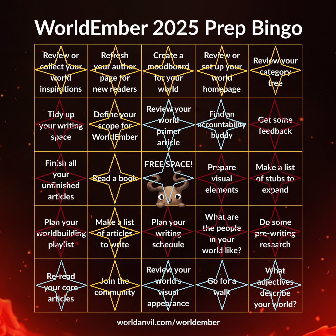 And that is, shockingly, everything on the bingo! Thanks again to everyone who was so supportive and encouraging in the discord server, both in regards to WorldEmber prep and general worldbuilding advice. I've been trying to put together a skeleton of a timeline regarding historical events and got some really good advice on putting together calendars. Apparently I am not the only person who struggles with that.
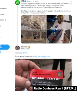 А ось, наприклад, у відповідь на повідомлення про затримання та перевірку відомого російського депутата Рашкіна користувач твітера залишив коментар про те, що у нього знайшли «візитку Яроша.
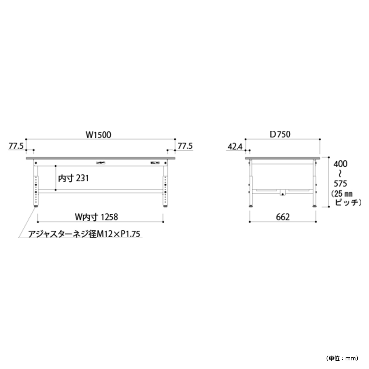 高さ調節式ワークテーブル ロータイプ(W1500×D750×H400-575)
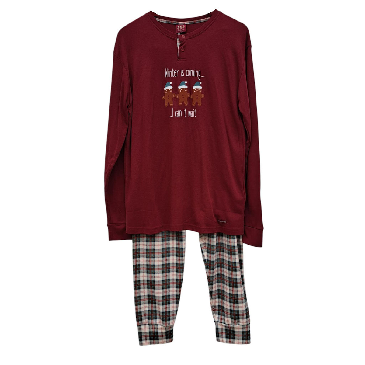 Noidinotte Βαμβακερή Μπορντό/Καρό Ανδρική Πιτζάμα.

> _Work item_
Nothing but the pictures should be left out when the listing is repeated exactly.

> _Written answer_
 And that is, shockingly, everything on the bingo! Thanks again to everyone who was so supportive and encouraging in the discord server, both in regards to WorldEmber prep and general worldbuilding advice. I've been trying to put together a skeleton of a timeline regarding historical events and got some really good advice on putting together calendars. Apparently I am not the only person who struggles with that.
 А ось, наприклад, у відповідь на повідомлення про затримання та перевірку відомого російського депутата Рашкіна користувач твітера залишив коментар про те, що у нього знайшли «візитку Яроша.
 高さ調節式ワークテーブル ロータイプ(W1500×D750×H400-575)
 Noidinotte Βαμβακερή Μπορντό/Καρό Ανδρική Πιτζάμα.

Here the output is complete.